With this elegant new tool Writers could collapse and expand complicated outlines, spell-check common everyday words, move great hunks of text around with ease, and rewrite and edit and rewrite and edit and rewrite and edit until our turgid prose incandesced with clarity, our White-Out and Highlighters calcified, and our Post-It notes stuck together in their own damp, drizzly Novembers.
And then, during a full-point upgrade, this Writer-friendly program began to change, adding features, embracing new users: repurposing itself from a tool for Writers, by which I mean novelists and essayists and playwrights and similar economically unnecessary warts on society, into a full-blown suite that promised something for everyone and provided, in the end, nothing much for anyone, at least not anyone from my small tribe.
With each advance of our once-favorite working environment, we Writers grew increasingly grim about the mouth, involuntarily pausing before coffin warehouses and bringing up the rear of every funeral we met; and it required a strong moral principle to prevent our artistic selves from deliberately stepping into the street, and methodically knocking a businessperson’s hat off.

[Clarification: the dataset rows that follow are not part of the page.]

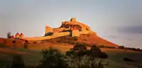 Rupea Fortress (Romanian: Cetatea Rupea, German: Burg Reps, Hungarian: Kőhalmi vár) is a medieval fortress built by Transylvanian Saxons and first mentioned by a 1324 document. It is situated on a 120 m high basalt cliff, to the west of the Transylvanian town of Rupea in Romania.[2] The fortress is located on DN13, 70 km from Brașov, on the road to Sighișoara. It was restored in 2010–2013; as of 2014, it was visited monthly by more than 10,000 tourists.[1]
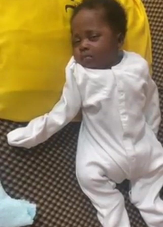 A baby in a white onesie lies on a brown and beige checkered surface next to a yellow pillow. The baby has dark skin and short black hair and looks towards the camera. A light blue cloth is also near the baby. There is audio of people talking in the background.
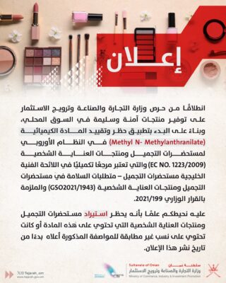 يُحظر استيراد مستحضرات التجميل ومنتجات العناية الشخصية التي تحتوي على مادة
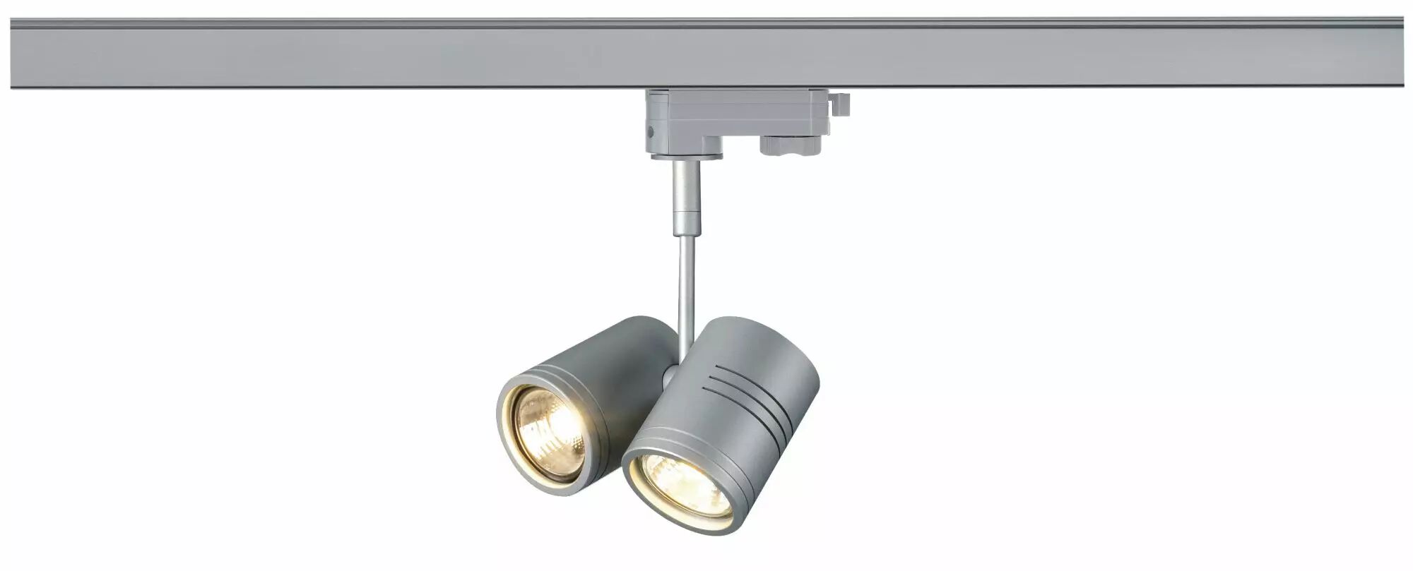 BIMA, spot pour rail 3 allumages, intérieur, double, gris argent, GU10/QPAR51, 2x 50W max (152232)
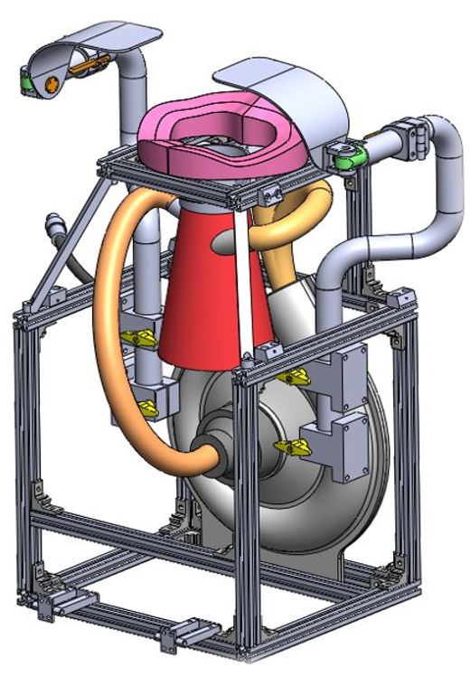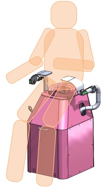 ハンドルを回転させることによってポンプから風を送り、風によって便が体から分離します。その気流に乗せて,外部ににおいなどを漏らすことなく排泄物を捕集します。
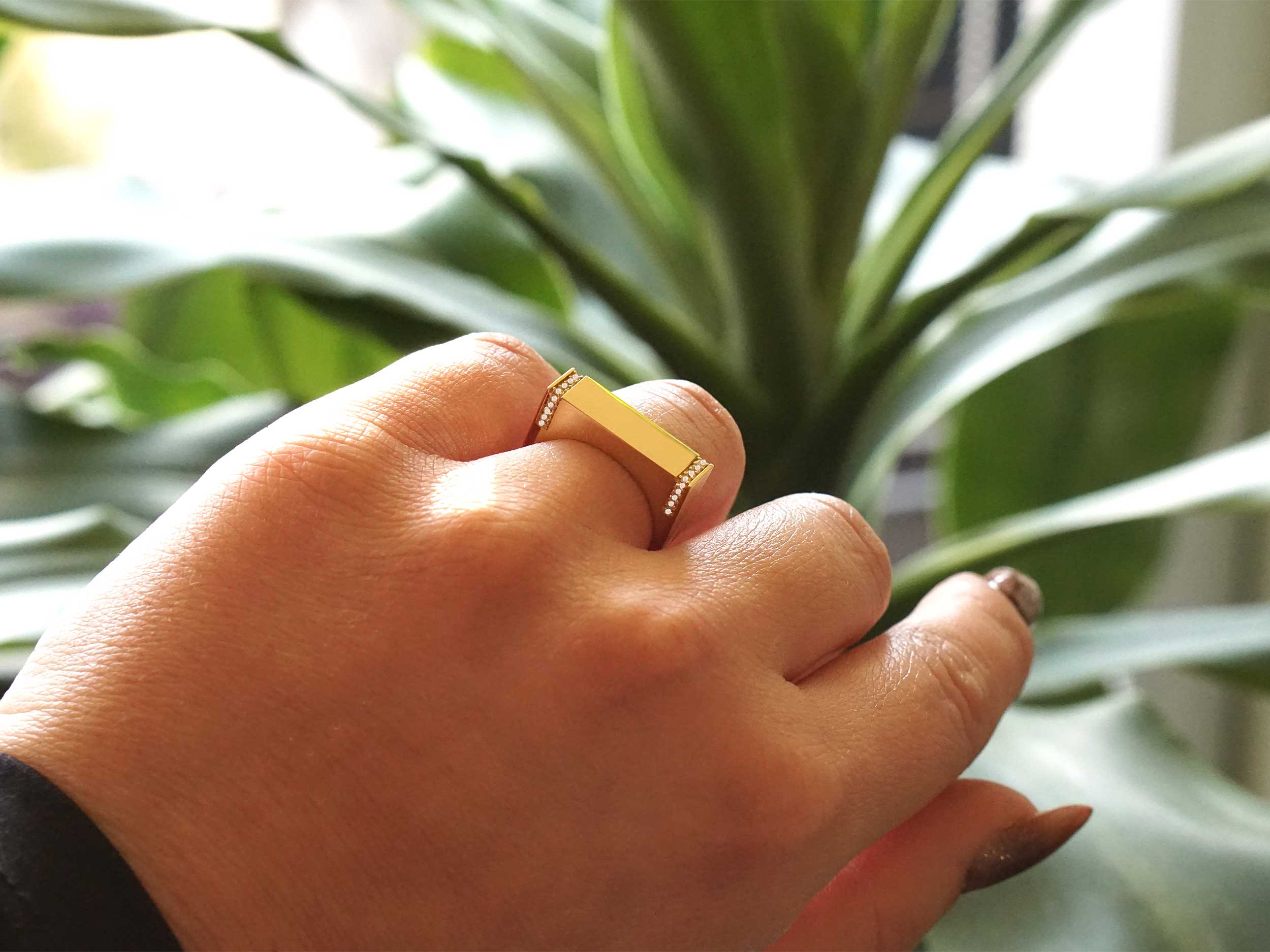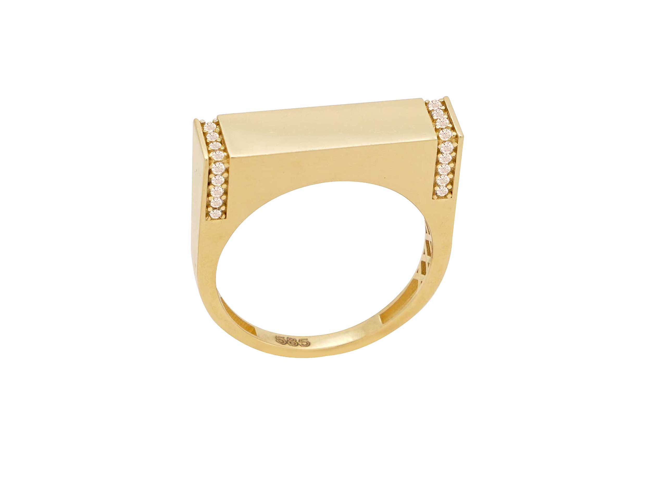 Δαχτυλίδι χρυσό 14Κ, με λουστρέ φινίρισμα. Διαθέτει μια ορθογώνια μπάρα διακοσμημένη με λαμπερές cubic ζιργκόν πέτρες σε λευκό χρώμα στα πλαϊνά. Με τον μοντέρνο και minimal χαρακτήρα του, αποτελεί ένα εξαιρετικό statement κομμάτι που μπορεί να φορεθεί μόνο του, προσδίδοντας στιλ σε κάθε σας εμφάνιση.
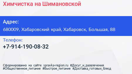 Химчистка на Шимановской по адресу 680009, Хабаровский край, Хабаровск, Большая, 88 в дальнейшем Организация, размещена в следующих категориях:
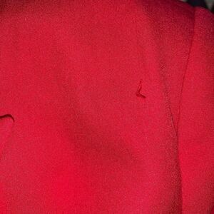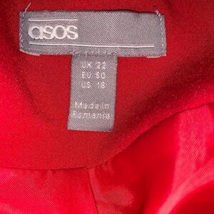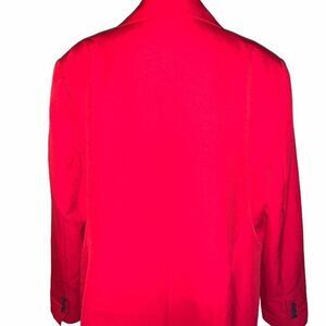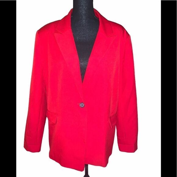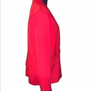 Red one button closure blazer. Long sleeve. Waist pockets with flaps. Three button design on sleeve hem. Fully lined. Main: 87% polyester/13% elastane. Lining: 100% polyester. Size: 18. Preowned in good condition. Small snags on upper blazer (as shown in pictures).
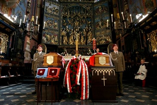 În onoarea cuplului prezidenţial au fost trase 21 de salve de tun, după ce sicriele au fost coborâte într-o criptă aflată în apropierea mormântului lui Jozef Pilsudski, părintele independenţei poloneze.

And then Scrivener appeared, and we writers once again had our very own tool, designed by a writer for Writers, and we could leave Microsoft Word to the business world.
But soon the calls began–can we have this, can we have that, all the business world works this way, why can’t Scrivener, too?
Simply hearing all this talk of “enterprise” writing makes one want to take to the ship, as a substitute for pistol and ball, which I understand are frowned on these days, even as metaphors.